Is it possible to define this explicitly in terms of y? It looks like a mathematical impossibility to define it explicitly in terms of y but I am hoping there might be some analytical technique for this.

## Answers and Replies

pwsnafu
What does "define explicitly" even mean? The formula at the start explicitly defines a circle.
Do you want a function $y(x)$? Then it should be easy to see the answer is no: for every x there are two values of y.

What does "define explicitly" even mean? The formula at the start explicitly defines a circle.
Do you want a function $y(x)$? Then it should be easy to see the answer is no: for every x there are two values of y.
Define the function explicitly in terms of y.

And okay.

AlephZero
Homework Helper
I don't see why not being single-valued means it's impossible to define something explicitly.

$(y-2)^2 = \text{something}$
$(y-2) = \pm \sqrt{\text{something}}$
...

I don't see why not being single-valued means it's impossible to define something explicitly.

$(y-2)^2 = \text{something}$
$(y-2) = \pm \sqrt{\text{something}}$
...
Well in this case it is more like (y^2-4y) = something. so it is bit more complicated. Who knows, maybe one day some genius might develop a clever theory to solve it.

pwsnafu
I don't see why not being single-valued means it's impossible to define something explicitly.

$(y-2)^2 = \text{something}$
$(y-2) = \pm \sqrt{\text{something}}$
...
This is why I asked what "define explicitly" means.

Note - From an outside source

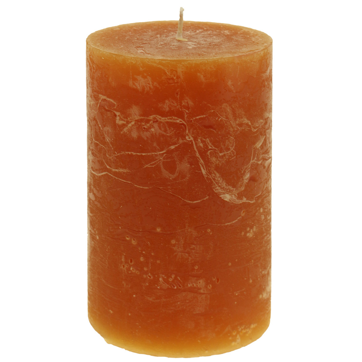 Candele a colonna, arancione scuro, tinta unita, design Tramonto, 60x100mm, 4 pezzi, rustico, estate, autunno, Avvento
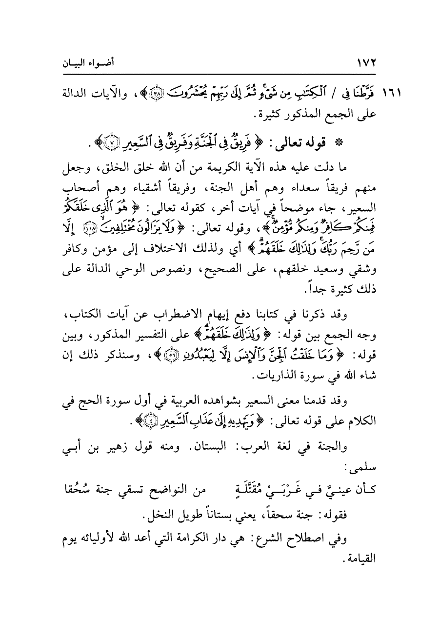 ما دلت عليه هذه الآية الكريمة من أن الله خلق الخلق، وجعل منهم فريقًا سعداء وهم أهل الجنة، وفريقًا أشقياء وهم أصحاب السعير، جاء موضحًا في آيات أخر، كقوله تعالى: {هُوَ الَّذِي خَلَقَكُمْ فَمِنْكُمْ كَافِرٌ وَمِنْكُمْ مُؤْمِنٌ}، وقوله تعالى: {وَلَا يَزَالُونَ مُخْتَلِفِينَ (١١٨) إِلَّا مَنْ رَحِمَ رَبُّكَ وَلِذَلِكَ خَلَقَهُمْ} أي ولذلك الاختلاف إلى مؤمن وكافر وشقي وسعيد خلقهم، على الصحيح، ونصوص الوحي الدالة على ذلك كثيرة جدًّا.

Well in this case it is more like (y^2-4y) = something. so it is bit more complicated. Who knows, maybe one day some genius might develop a clever theory to solve it.
How did you get that?
Edit: And why not just complete the square?

Mark44
Mentor
(x-3)^2 + (y-2)^2 = 1

With some rearranging I get

y(y-4) = -x^2+6x-13

Is it possible to define this explicitly in terms of y?
You can solve the first equation for y in terms of x. However, the equation defines a relation between x and y, but doesn't represent a function. Some values of x map to two different y values.

Having said all that, it's pretty simple to solve for y. Leave the terms in y on one side, and move the terms in x to the other side. Do not expand the (y - 2)2 term. Then take the square root of both sides, remembering to use ± for the two solutions.
It looks like a mathematical impossibility to define it explicitly in terms of y but I am hoping there might be some analytical technique for this.

You can solve the first equation for y in terms of x. However, the equation defines a relation between x and y, but doesn't represent a function. Some values of x map to two different y values.

Having said all that, it's pretty simple to solve for y. Leave the terms in y on one side, and move the terms in x to the other side. Do not expand the (y - 2)2 term. Then take the square root of both sides, remembering to use ± for the two solutions.
Oh, now I see what Alephzero was saying.